In the town where I grew up, it was not uncommon to be stopped on the street and asked, “Are you saved?” (The questioners were students from a small Bible college in the town.) You won’t find the question, “Are you saved?” as a mission strategy used by any of God’s witnesses or apostles in the Bible.  You will find them, time and again, telling and retelling the simple, straightforward message of why we needed Jesus and what Jesus did for us.  God’s message is not a question, “Are you saved?” but a declaration: “You are saved!”  God doesn’t interrogate us, pressuring us to make decisions we don’t have the spiritual power to make. Instead, he tells us where we stand when we are standing outside of his grace, and he tells us how we are rescued by his amazing grace.

The message God speaks to you again and again in Scripture is that he loves you.
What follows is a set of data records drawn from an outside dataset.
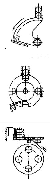 帶溝槽的圓盤(pán)間歇轉(zhuǎn)動(dòng),當(dāng)盤(pán)回轉(zhuǎn)時(shí),零件輪流入盤(pán)上的凹槽中,在隨這盤(pán)的轉(zhuǎn)動(dòng)進(jìn)入工作區(qū) |
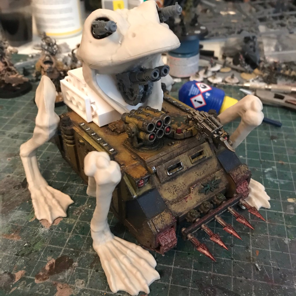 I went through several iterations of combining the frog with the tank and landed on what you can see below. The frog was surprisingly hard to disassemble being held together with screws of all things! I was expecting flimsy glue. But I got there in the end, and combined with a useful bit of lego, you should always have random bits of lego on hand, I managed to get the shape I was after.
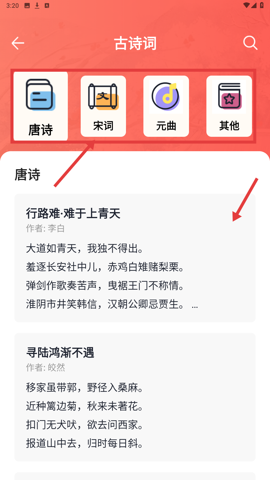 2、进入古诗词板块,可选择【唐诗】【宋词】等分类,查看对应诗词内容。

The most famous such Bible statement is John 3:16. “God so loved the world that he gave his only Son, so that everyone who believes in him may not perish but may have eternal life.”

That one sentence is the Word of God in a nutshell.  It holds within it a complete story of how much we needed God and how much his love has done for us. God loves us so much that he, the Father, gave up his Son. God, the Son, gave up his life. God the Holy Spirit gives us life when he brings us to believe in what God has done in Jesus. God—the Father, Son and Spirit—in threefold fashion is our Savior from the sin and desperation in which otherwise we would perish.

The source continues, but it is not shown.